# Dillon Dam and Buckeye Lake



## Shaun69007 (Sep 2, 2009)

How many Dillon or Buckeye boys out there? Whats the best way to be catching them early season (April'ish). I am really familiar with buckeye lake during the summer time but Dillon is a mystery to me.


----------



## Ðe§perado™ (Apr 15, 2004)

I fish both lakes and drifting seems to works best for me.


----------



## catfishrollo (Dec 27, 2009)

Dillon esp. is a great lake to drift. Not as much traffic usually as Buckeye, and has an abundant supply of shad and channel cats. My advise for early spring is to fish the upper half around the beach and north towards the river. This area is shallow, and warms quickly.Hopefully, in the upcoming years Dillon will produce some big blues as well. goodluck....rollo


----------



## FatRap007 (Jul 23, 2009)

What kind of baits are you using and what kind of rig do you use for drifting...... i like the no snag drifting weights or the ones thati call snake weights and i was watching this t.v. show and the guy drifting was using a float to get his bait 6 inches off bottom any one try that rig ? I thought it kinda looked funny but the catfish did not seem to mind it 
Freddie


----------



## Shaun69007 (Sep 2, 2009)

I generally use on Lake Marion a "slinky" weight and a leader about a foot above that with a big orange styrafoam bobber next to the hook that holds the bait off the bottom and the fish dont seem to mind the bobber. heck they dont even know what it is all they know is somthing smells really good


----------



## st.slippy (Oct 3, 2008)

I've had good luck at dillon with channel cats. We would use chicken liver bluegill, or worms. I always took two poles, one I just put a few split shots on about 18 inches from the hook to keep it down the other I threw a bobber on. We always set in at the sportsman area and would sometimes go accross to the beach. There is a tunnel that leads to the back waters as well. At buckeye there are just a ton and they bite everything. I can't tell you how many I caught on a jig and twister tipped with a crawler. Lots of mud in that lake. I caught better cats at Dillon. It's probably one of my favorite channel cat lakes


----------



## Shaun69007 (Sep 2, 2009)

ive seen better fish out at dillon but i only know how to structure fish so the open water just befuddles me


----------



## st.slippy (Oct 3, 2008)

Structure fishing is related mostly to under water contours. Cover is the trees, etc. So often structure fishing would be fishing near a drop-off. You can buy some cheap electronics if you just want a little something to go by. They won't necessarily show you lots of fish, but you will be able to tell if you are over a flat and where the water drops off or starts to shallow.

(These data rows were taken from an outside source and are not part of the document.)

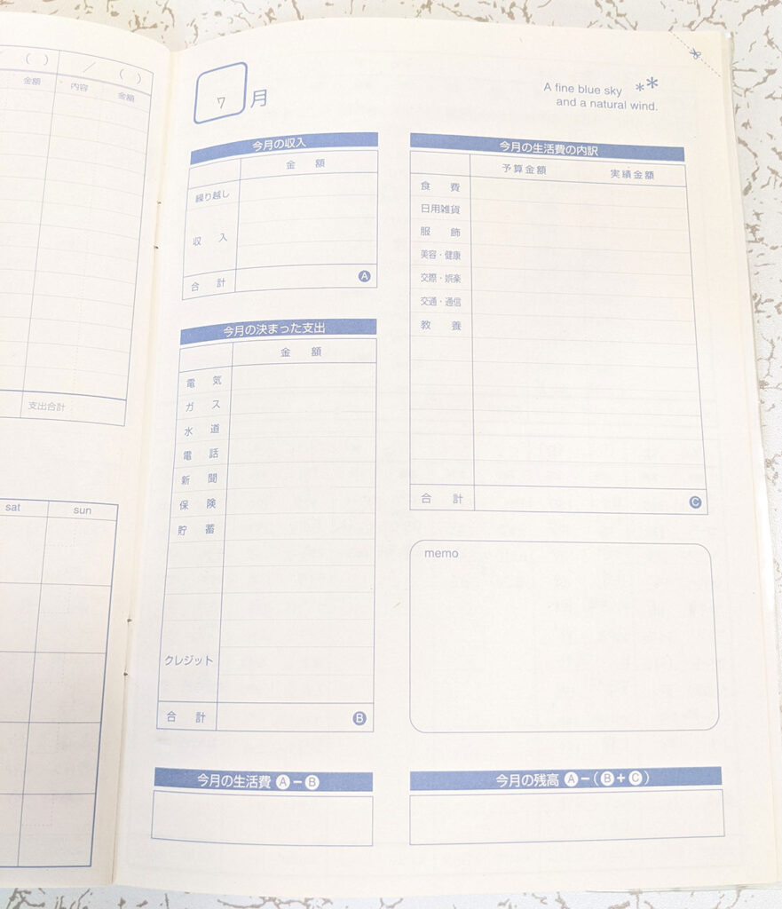 先ほどお話しした通り、私が初めて家計簿を付けようとしたのは100円ショップで購入した小さくてかわいい家計簿ノートでした。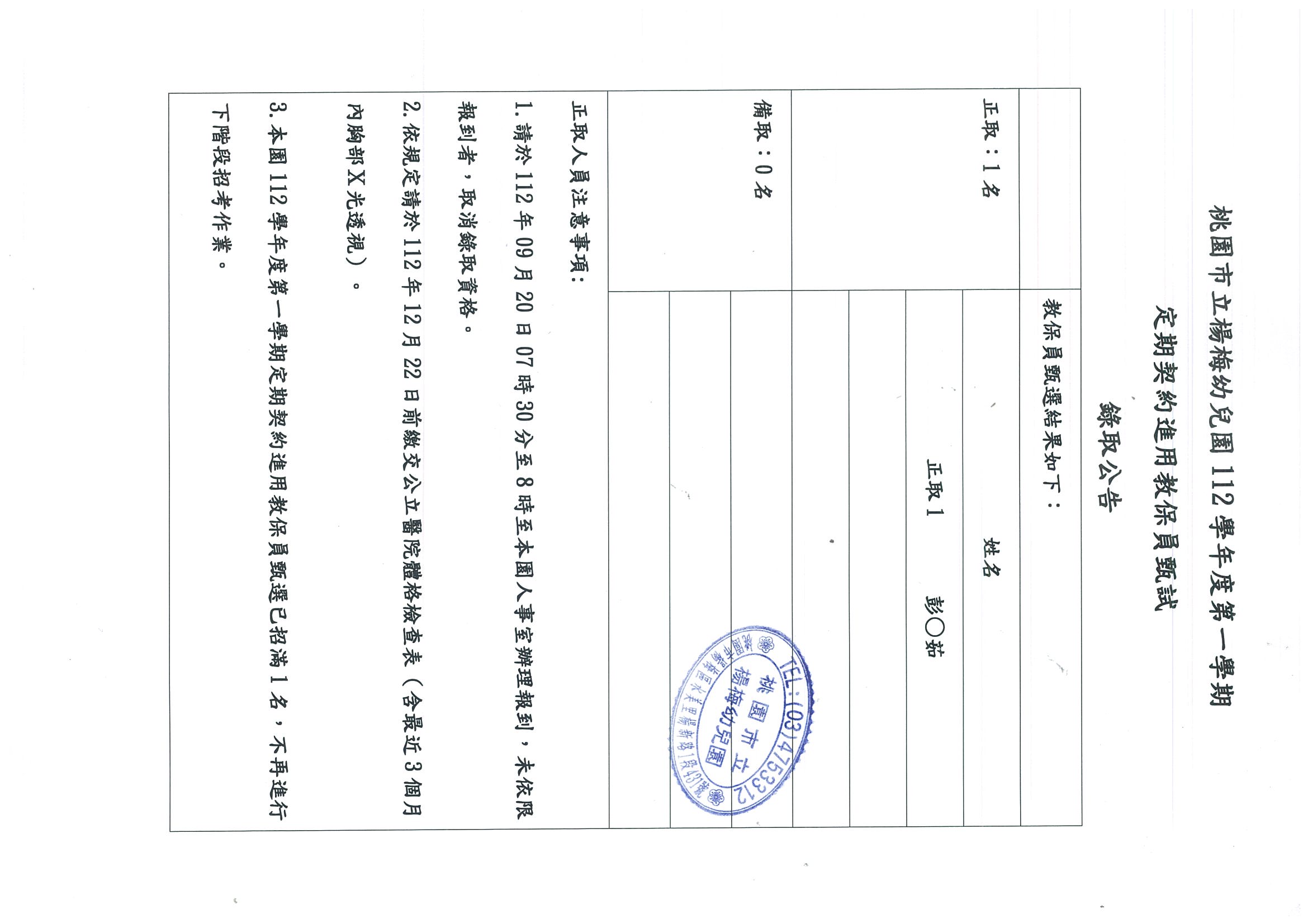 桃園市立楊梅幼兒園112學年度定期契約進用教保員錄取公告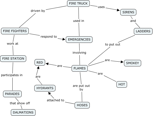 This Concept Map, created with IHMC CmapTools, has information related to: Fire Truck, FLAMES are HOT, FLAMES are SMOKEY, SIRENS and LADDERS, FIRE STATION participates in PARADES, PARADES that show off DALMATIONS, EMERGENCIES involving FLAMES, FLAMES are RED, HYDRANTS are RED, HOSES attached to HYDRANTS, FLAMES are put out by HOSES, FIRE TRUCK driven by FIRE FIGHTERS, FIRE TRUCK uses SIRENS, FIRE FIGHTERS work at FIRE STATION, FIRE FIGHTERS respond to EMERGENCIES, FIRE TRUCK used in EMERGENCIES, LADDERS to put out FLAMES

One of the beauties of drifting is the wind/current takes you over a lot of various types of structure. just use a trolling motor to alter your direction a little. A lot of luck that I've had at dillon was more in the summer time, but throwing into trees or along a concrete wall. Any lake of size will leave you clueless at first, but put a little time in and you'll get'em.


----------